What do happy families share? These seven things to begin with…
A recent study spanning across seven countries and conducted by Fisher-Price confirmed that the one thing that most mums wish for their children is happiness. Seeing our children sad, frustrated, depressed or anxious is difficult to say the least. And while there is no magic ingredient we can feed our children to ensure they are constantly happy, according to The Secrets of Happy Families, New York Times bestselling author Bruce Feiler, there seems to be a few trends in what happy families have in common.
Happy families have…a family mission statement
We create goals for ourselves on a regular basis – fitness goals, work goals, personal goals. So why not do the same with your family?
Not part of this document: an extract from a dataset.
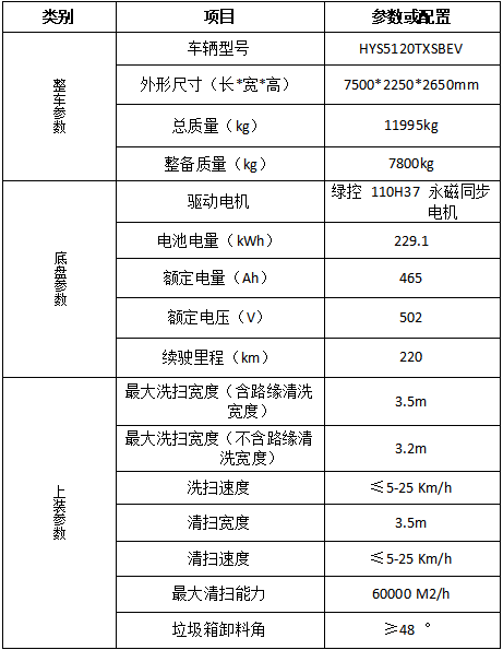 | 虹宇HYS5120TXSBEV纯电动洗扫车主要技术参数 | |||

Create a family mission statement that helps define the values that matter the most to everyone.
Happy families try… to find daily quality time
For most families, dinner time is quality family time. If you or your partner works nights or shift work, then dinner may not be suited to you but try and make sure you have at least a half an hour every day to spend time together without any distractions. No television. No mobile phones. No iPads.
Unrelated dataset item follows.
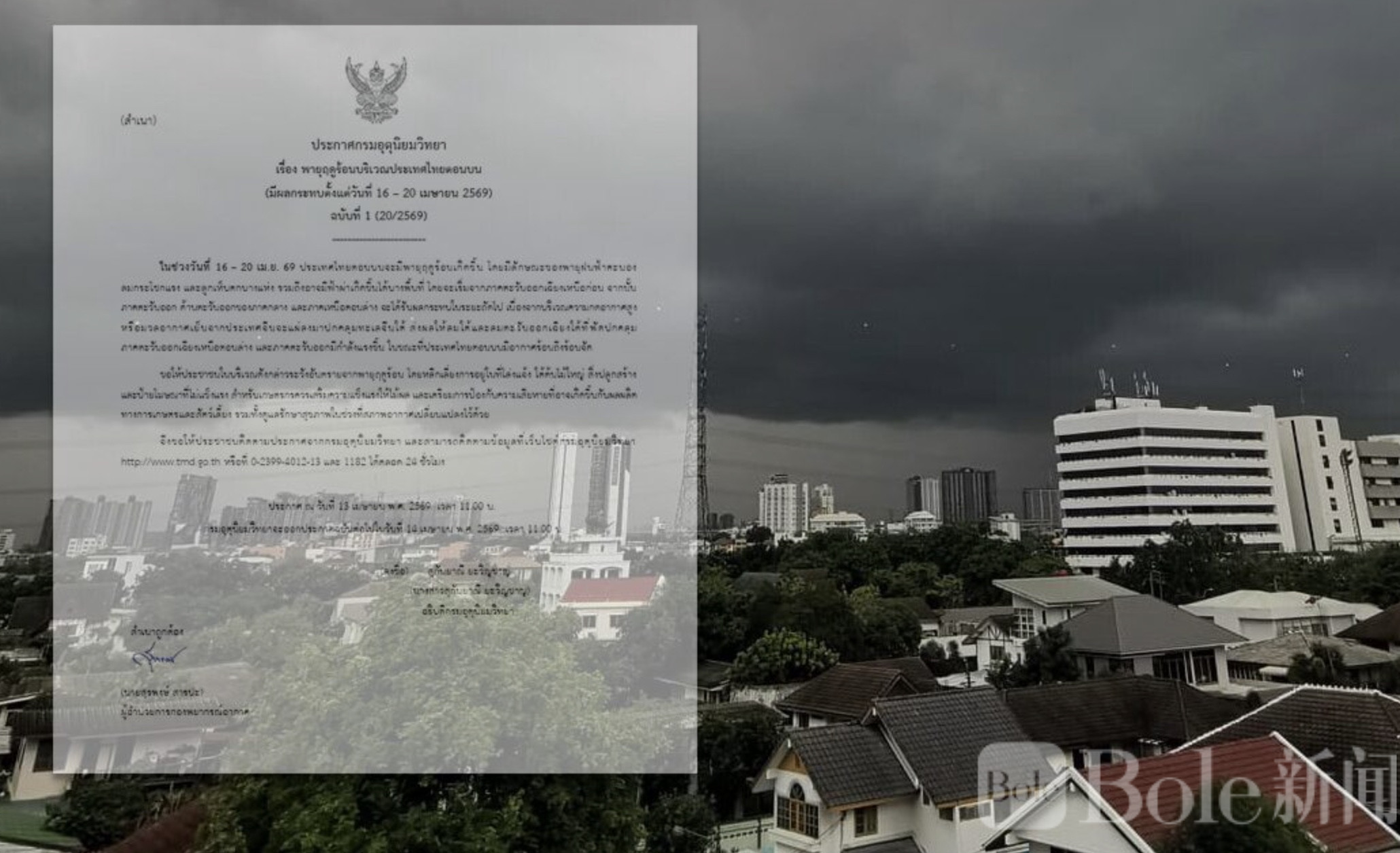 Bole新闻专讯:泰国气象局于13日发布第1号预警通告,提醒全国民众注意即将在4月16日至20日期间出现的强对流天气。根据预报,泰国北部及多地将遭遇雷阵雨、强风、局部冰雹及雷击等极端天气情况。

Happy families have… an understanding of the past
Knowing your family history can bring pride and understanding to your children. It can help get them interested in history and give them a better understanding of where they have come from and what that means.
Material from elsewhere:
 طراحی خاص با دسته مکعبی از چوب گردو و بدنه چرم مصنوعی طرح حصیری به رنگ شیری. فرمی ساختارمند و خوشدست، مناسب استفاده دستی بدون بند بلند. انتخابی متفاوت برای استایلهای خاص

Happy families have . an equal say
Everyone in the household should be created equal. Sure, you’re the boss and you make the rules about what’s for dinner and when it’s bedtime but your children should always feel like they have a right to express their thoughts, feelings and opinions.
Happy families aim for… a weekly meeting
Set up twenty minutes a week to have a family meeting. Talk about the highlights and lowlights of the week before and what’s on the agenda for the week ahead. Talk about goals you want to meet and if you happen to meet these goals, then perhaps offer a family reward.
Happy families know…the right way to fight
Arguing is perfectly normal and natural, especially if everyone feels comfortable enough to voice their opinion and express their feelings. No one is going to agree with each other all the time but, turns out, there is a right way and a wrong day to fight.
Bruce Feiler suggests that when things start to get heated, separate everybody for a bit of a breather. Ask everyone to come up with three options to the solution to the problem and then bring everyone back together to discuss the decision moving forward.
Happy families… play together
There is nothing more important than having fun together, as a family. Try to schedule a family fun afternoon once a week (or once a month) where you get out of the house together. Go the beach. Go to a park. Go for a hike or simply jump in the car and explore a new area where you have never been before.
Relationships are hard work and even the strongest families have good and bad days. There will be times when you feel so overwhelmed with love for your partner and your children and other times when you will be on the verge of throwing a shoe at their heads (probably a dirty shoe that the kids were supposed to pick up off the floor and put away).
Lead by example and try to ensure you are as happy as you can be. Eliminate the things in your life, from friendships to unhealthy habits that could be making things toxic for you.